**What is being asked:** From the first line to the last, transcribe the data exactly and skip the pictures.

===== Exercise data =====

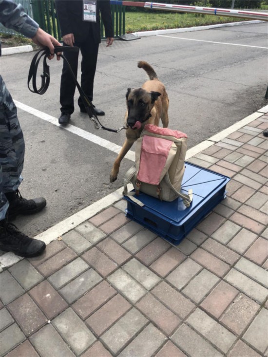 正是因为这里是俄罗斯体育中的重地,所以整个圆湖基地的安检也显得格外特别。在基地门口有一个关于世界杯的证件通行图示,什么样的证件可以进入到这里,也是有明确的规定。门口的安检也显得很特别,所有出入这里的人无论是工作人员还是媒体或者是运动员都要进行严格的安检,而检查并不是通过安检门,而是一条工作警犬。你要把包放在一个安检的箱子上,打开包,安保人员牵着工作犬过来。工作犬都是德国黑背,它们把鼻子伸进包里一通闻,确认安全后还要在门房让保安全部开包在检查一遍才能通行。
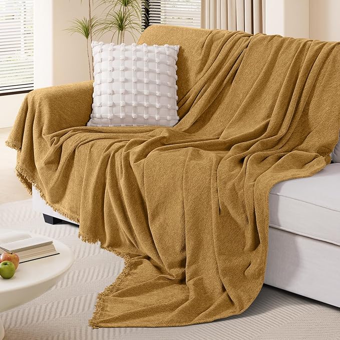 KinCam Couch Covers for 3-4 Cushion Couch Sofa Cover Washable Sectional Couch Cover for Dogs Tassel Sofa Blanket Cover Pet Friendly Soft and Durable for Most Furniture(71" x 150", Mustard Yellow)
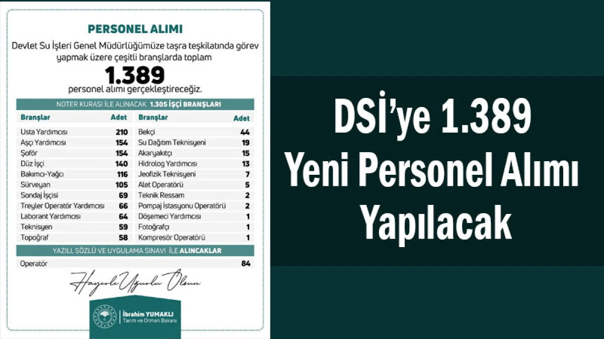 Tarım ve Orman Bakanı İbrahim Yumaklı, Devlet Su İşleri (DSİ) Genel Müdürlüğü taşra teşkilatında görev yapmak üzere 1.389 personel alımı yapılacağını açıkladı.
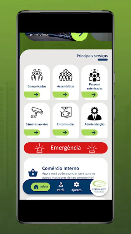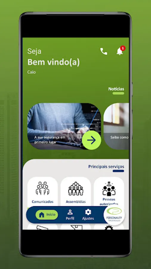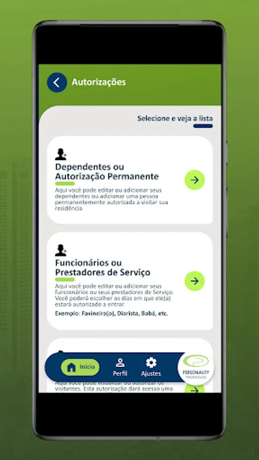 Welcome to the Personality App. With it you can manage your data, register your dependents and employees, view your orders, authorize visitors and service providers and much more.
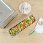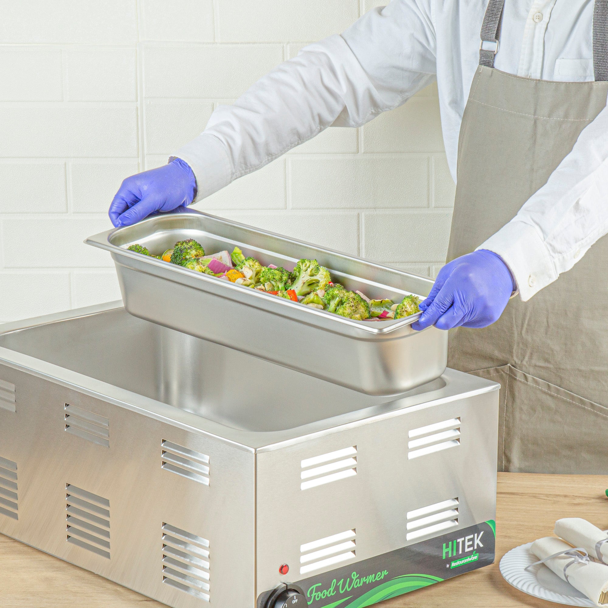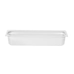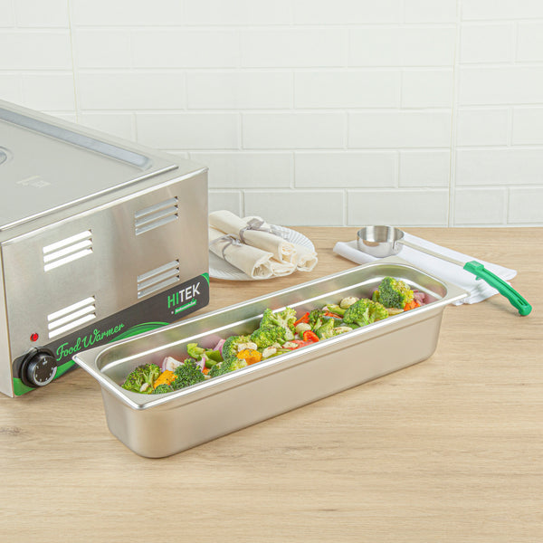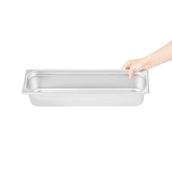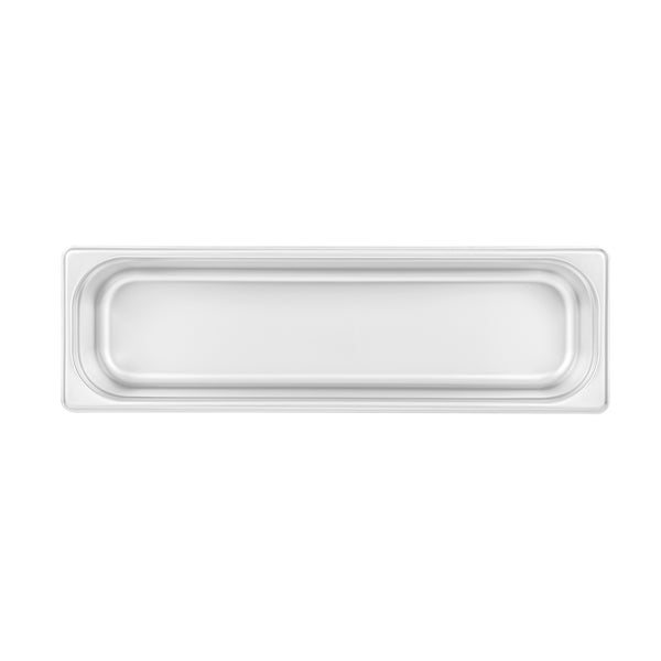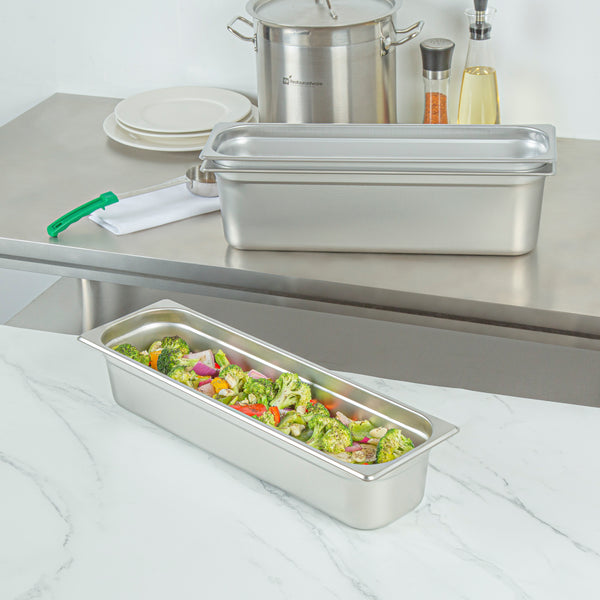 Keep your kitchen running at peak efficiency with our Kitchen Tek Stainless Steel 1/2 Size Long Steam Table Pan. This hotel pan incorporates an anti-jam stacking lug for non-stick separation and rapid accessibility, making it ideal in a high-traffic kitchen. Constructed from 24 gauge stainless steel, this steam pan is durable and withstands frequent use in any commercial foodservice setup. This stainless steel pan can be paired with their matching lids (SKUs: RWT1617S-1 and RWT1625S-1) to ensure meals are safe from outside pollutants. Meeting the stringent NSF standards, this steam table pan meets the highest health and quality requirements for foodservice professionals. The 4-inch depth of this buffet pan allows for serving more voluminous options, such as thick stews and generous portions of side dishes. With its sturdy construction, this stainless steel catering pan is adept at serving both hot and cold foods. Engineered for oven use, this catering pan can withstand temperatures up to 1600F. This long table pan is freezer-safe, providing convenient storage for prepared meals. For simplified post-service cleanup, this stainless steel table pan is compatible with commercial dishwashers. This food pan measures 20.8 inches in length by 6.5 inches in width by 4 inches in depth. Sold in a 1 count box. Lids are available and sold separately.
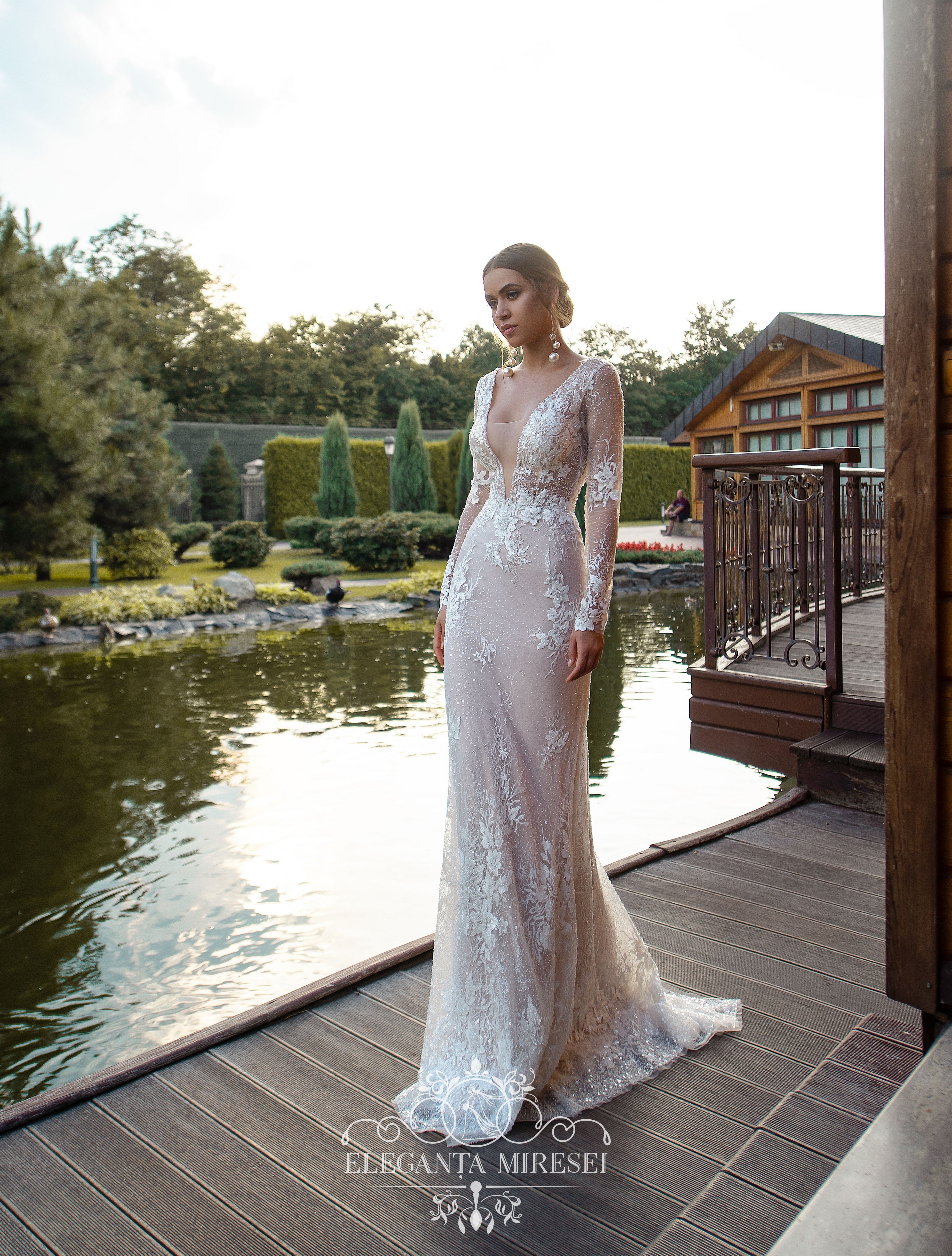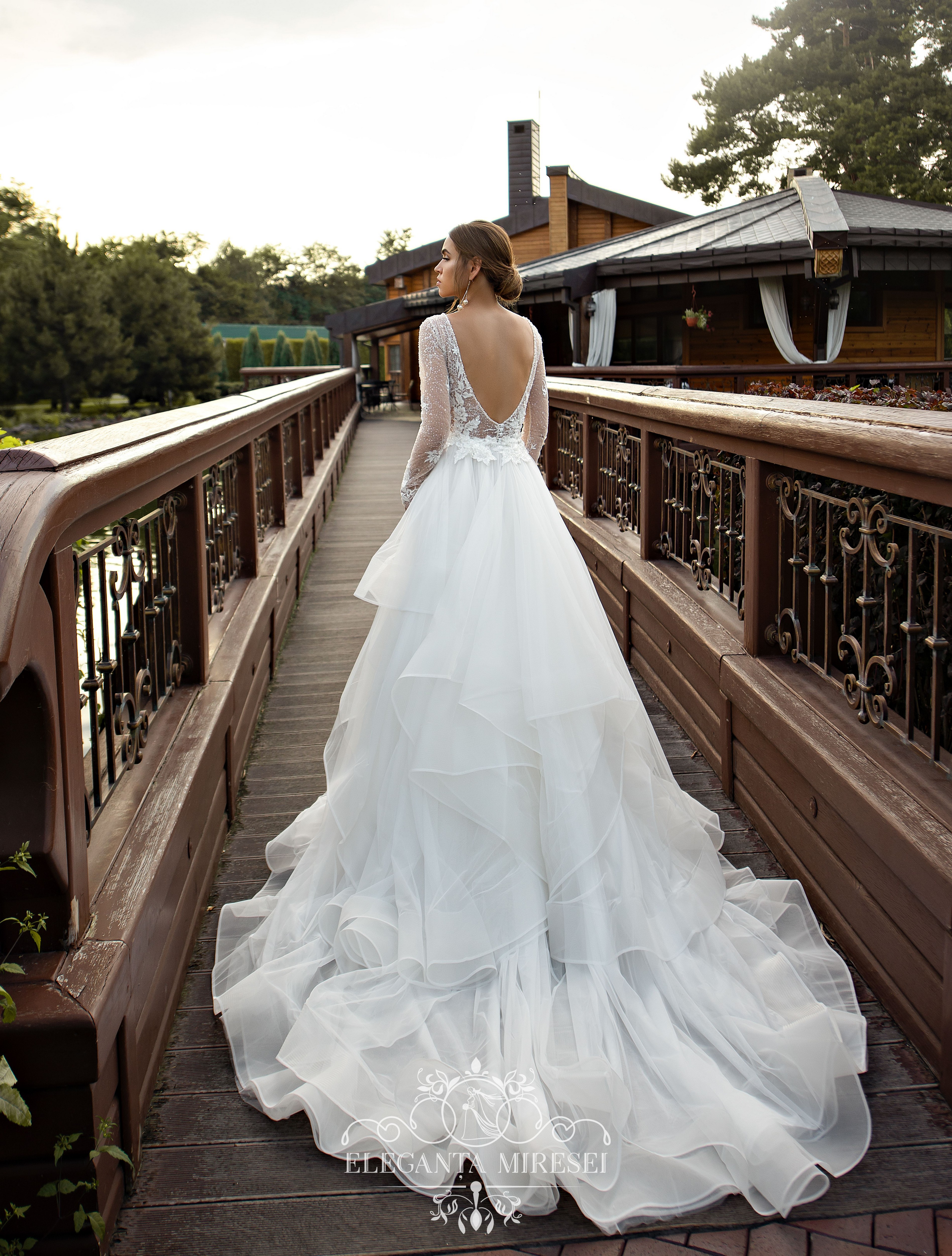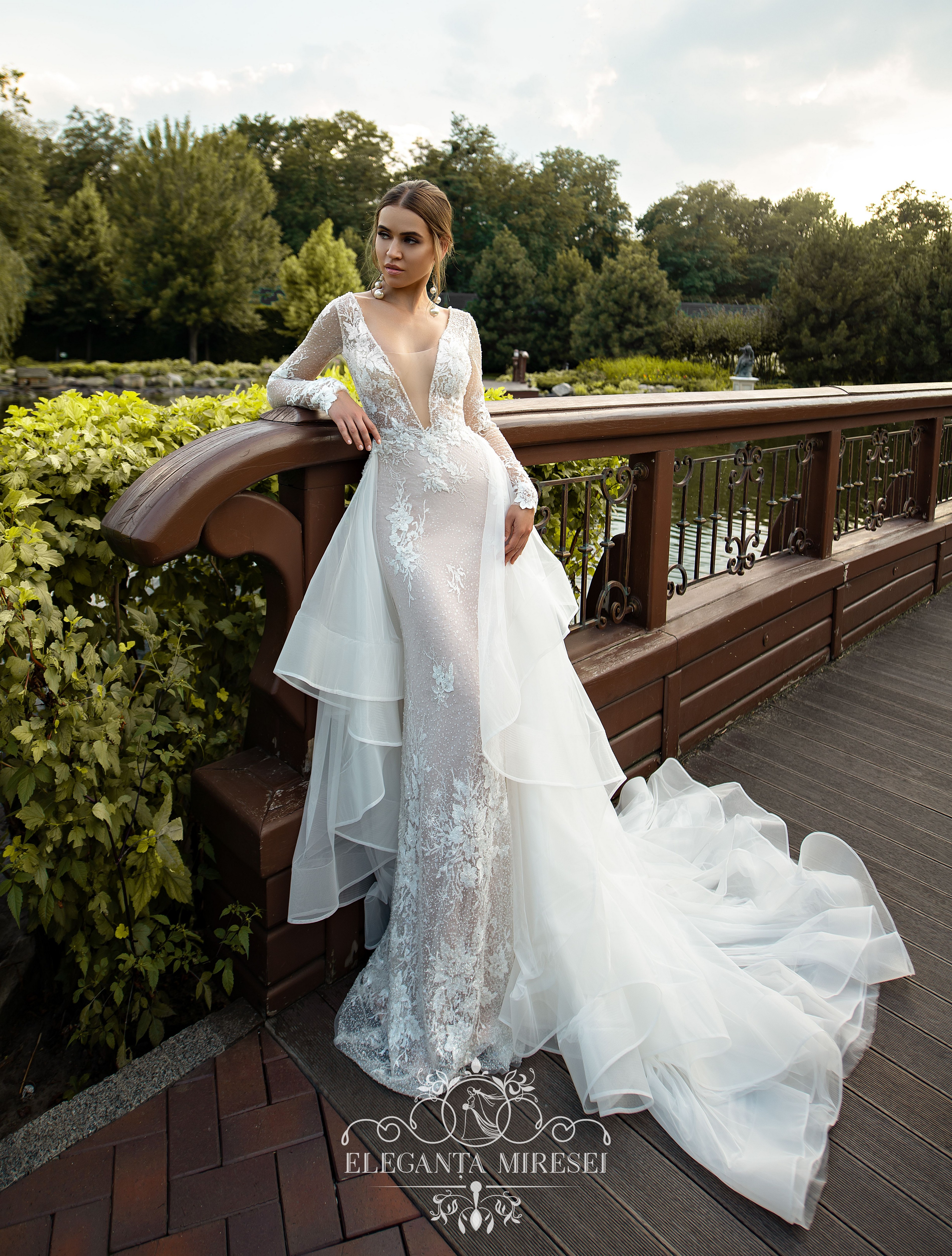 Un set de nuntă original format dintr-o rochie de guipure și o trenă detașabil. Fața și spatele rochiei sunt înfrumusețate cu un gât în V adânc. Trena detașabilă adaugă ușurință specială și ajută la actualizarea imaginii în câteva secunde. Modelul este decorat cu elemente de guipure brodate cu mărgele, cristal și paiete.

=====

**Solution to this problem:**
 正是因为这里是俄罗斯体育中的重地,所以整个圆湖基地的安检也显得格外特别。在基地门口有一个关于世界杯的证件通行图示,什么样的证件可以进入到这里,也是有明确的规定。门口的安检也显得很特别,所有出入这里的人无论是工作人员还是媒体或者是运动员都要进行严格的安检,而检查并不是通过安检门,而是一条工作警犬。你要把包放在一个安检的箱子上,打开包,安保人员牵着工作犬过来。工作犬都是德国黑背,它们把鼻子伸进包里一通闻,确认安全后还要在门房让保安全部开包在检查一遍才能通行。
 KinCam Couch Covers for 3-4 Cushion Couch Sofa Cover Washable Sectional Couch Cover for Dogs Tassel Sofa Blanket Cover Pet Friendly Soft and Durable for Most Furniture(71" x 150", Mustard Yellow)
 Tarım ve Orman Bakanı İbrahim Yumaklı, Devlet Su İşleri (DSİ) Genel Müdürlüğü taşra teşkilatında görev yapmak üzere 1.389 personel alımı yapılacağını açıkladı.
 Welcome to the Personality App. With it you can manage your data, register your dependents and employees, view your orders, authorize visitors and service providers and much more.
 Keep your kitchen running at peak efficiency with our Kitchen Tek Stainless Steel 1/2 Size Long Steam Table Pan. This hotel pan incorporates an anti-jam stacking lug for non-stick separation and rapid accessibility, making it ideal in a high-traffic kitchen. Constructed from 24 gauge stainless steel, this steam pan is durable and withstands frequent use in any commercial foodservice setup. This stainless steel pan can be paired with their matching lids (SKUs: RWT1617S-1 and RWT1625S-1) to ensure meals are safe from outside pollutants. Meeting the stringent NSF standards, this steam table pan meets the highest health and quality requirements for foodservice professionals. The 4-inch depth of this buffet pan allows for serving more voluminous options, such as thick stews and generous portions of side dishes. With its sturdy construction, this stainless steel catering pan is adept at serving both hot and cold foods. Engineered for oven use, this catering pan can withstand temperatures up to 1600F. This long table pan is freezer-safe, providing convenient storage for prepared meals. For simplified post-service cleanup, this stainless steel table pan is compatible with commercial dishwashers. This food pan measures 20.8 inches in length by 6.5 inches in width by 4 inches in depth. Sold in a 1 count box. Lids are available and sold separately.
 Un set de nuntă original format dintr-o rochie de guipure și o trenă detașabil. Fața și spatele rochiei sunt înfrumusețate cu un gât în V adânc. Trena detașabilă adaugă ușurință specială și ajută la actualizarea imaginii în câteva secunde. Modelul este decorat cu elemente de guipure brodate cu mărgele, cristal și paiete.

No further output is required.